→ **Dataset extract**
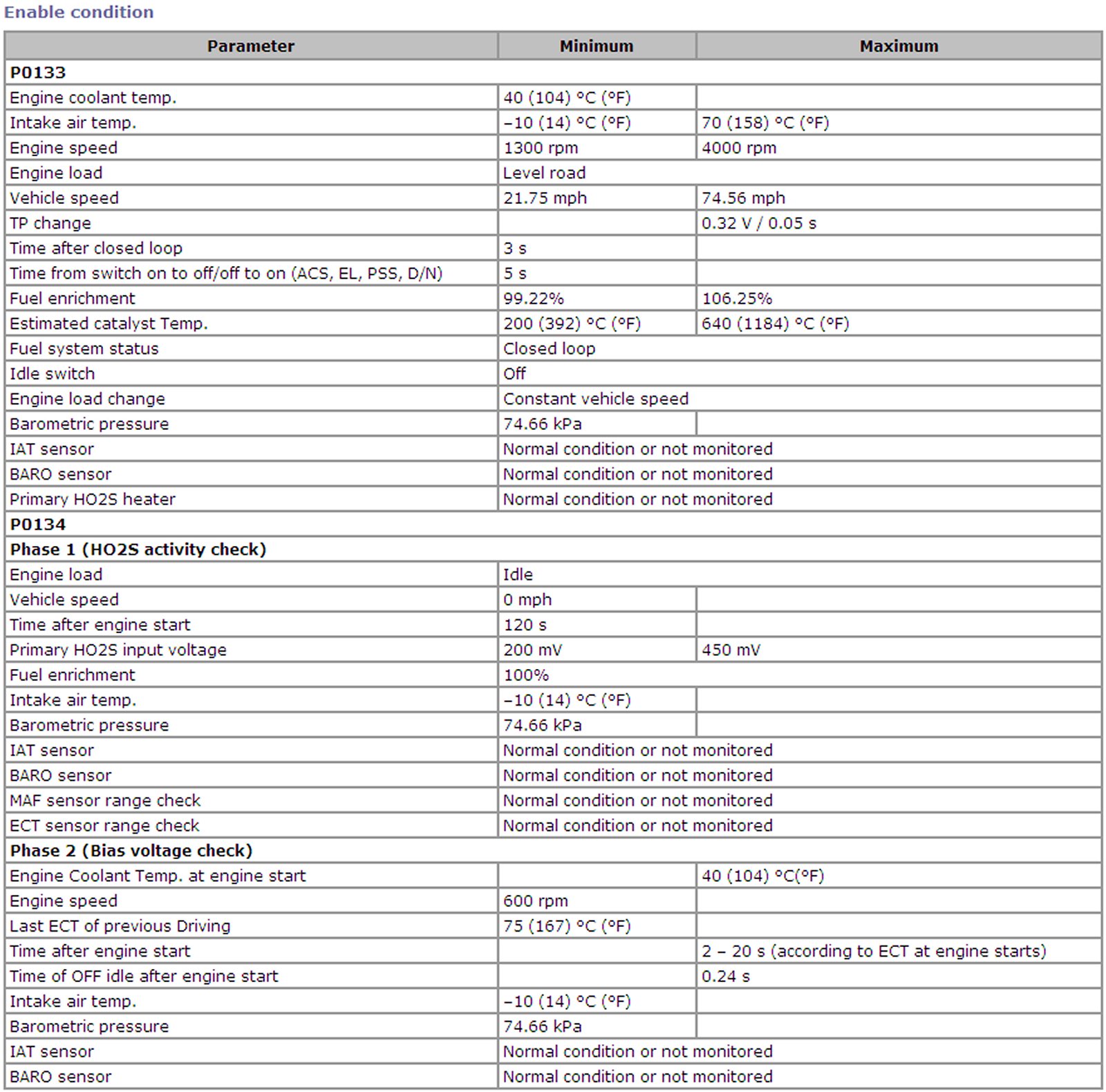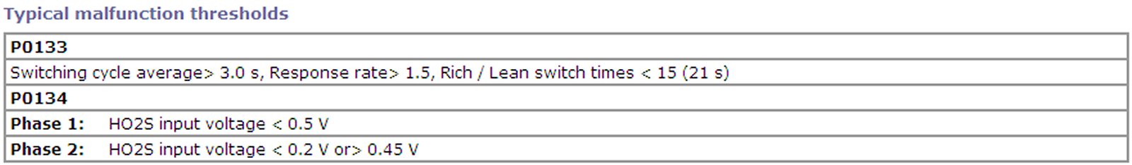 For a primary HO2S, the system monitors maximum and minimum voltage, lean-to-rich and rich-to-lean response rates, and switching cycles. The sensor is also monitored for activity continuously.
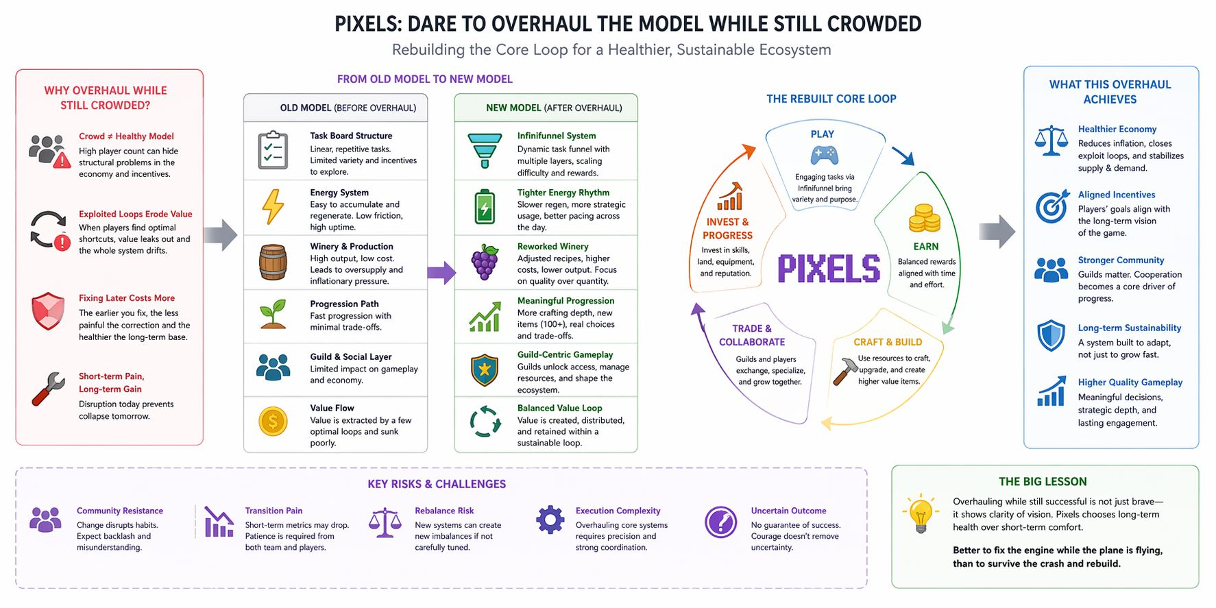 I think this is the most research worthy point about this project. A product that still manages to keep people coming back regularly is very easily seduced by the feeling of stability. When tasks are still being done and the community has not left yet, the safest choice is always to keep everything as it is. But Pixels touched exactly the part that most projects avoid, which is the structure that creates behavior inside the game.
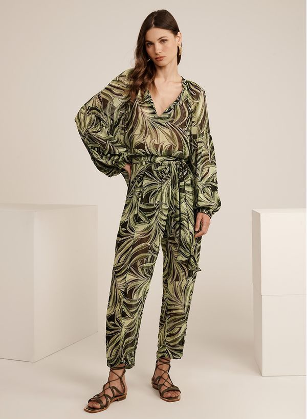 A Calça é confeccionada em tecido leve e fluido com estampa de folhagens, possui modelagem cenoura, cós com passantes e faixa, bolsos e pregas frontais, acabamento pespontado.
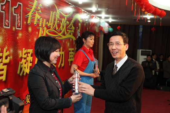 公司總經(jīng)理王軍邦代表公司黨政領(lǐng)導(dǎo)班子致新春賀詞,感謝一年來上級領(lǐng)導(dǎo)的大力支持和關(guān)懷,感謝全體員工的辛勤付出和熱愛。他說,過去的2010年里,在集團(tuán)公司的領(lǐng)導(dǎo)下,公司上下同心協(xié)力,完成產(chǎn)值10.08億元,各方面工作取得了優(yōu)異的成績,生產(chǎn)經(jīng)營快速發(fā)展,管理模式逐步成型,資源整合不斷優(yōu)化,文化載體日漸豐富,品牌效應(yīng)日漸凸顯,凝聚力和執(zhí)行力不斷提高,各項(xiàng)工作穩(wěn)步邁上了新臺階,在行業(yè)內(nèi)得到了充分的肯定,實(shí)現(xiàn)了“十一五”的完美收官。在“十二五”開局之年里,我們將緊密依托集團(tuán)公司領(lǐng)導(dǎo),以提高經(jīng)濟(jì)效益為重心,團(tuán)結(jié)協(xié)作,迎難而上,銳意進(jìn)取,共創(chuàng)2011事業(yè)輝煌!

→ **Your objective**
Print the data above in full and exactly as it appears, skipping the pictures.

→ **The answer**
 For a primary HO2S, the system monitors maximum and minimum voltage, lean-to-rich and rich-to-lean response rates, and switching cycles. The sensor is also monitored for activity continuously.
 I think this is the most research worthy point about this project. A product that still manages to keep people coming back regularly is very easily seduced by the feeling of stability. When tasks are still being done and the community has not left yet, the safest choice is always to keep everything as it is. But Pixels touched exactly the part that most projects avoid, which is the structure that creates behavior inside the game.
 A Calça é confeccionada em tecido leve e fluido com estampa de folhagens, possui modelagem cenoura, cós com passantes e faixa, bolsos e pregas frontais, acabamento pespontado.
 公司總經(jīng)理王軍邦代表公司黨政領(lǐng)導(dǎo)班子致新春賀詞,感謝一年來上級領(lǐng)導(dǎo)的大力支持和關(guān)懷,感謝全體員工的辛勤付出和熱愛。他說,過去的2010年里,在集團(tuán)公司的領(lǐng)導(dǎo)下,公司上下同心協(xié)力,完成產(chǎn)值10.08億元,各方面工作取得了優(yōu)異的成績,生產(chǎn)經(jīng)營快速發(fā)展,管理模式逐步成型,資源整合不斷優(yōu)化,文化載體日漸豐富,品牌效應(yīng)日漸凸顯,凝聚力和執(zhí)行力不斷提高,各項(xiàng)工作穩(wěn)步邁上了新臺階,在行業(yè)內(nèi)得到了充分的肯定,實(shí)現(xiàn)了“十一五”的完美收官。在“十二五”開局之年里,我們將緊密依托集團(tuán)公司領(lǐng)導(dǎo),以提高經(jīng)濟(jì)效益為重心,團(tuán)結(jié)協(xié)作,迎難而上,銳意進(jìn)取,共創(chuàng)2011事業(yè)輝煌!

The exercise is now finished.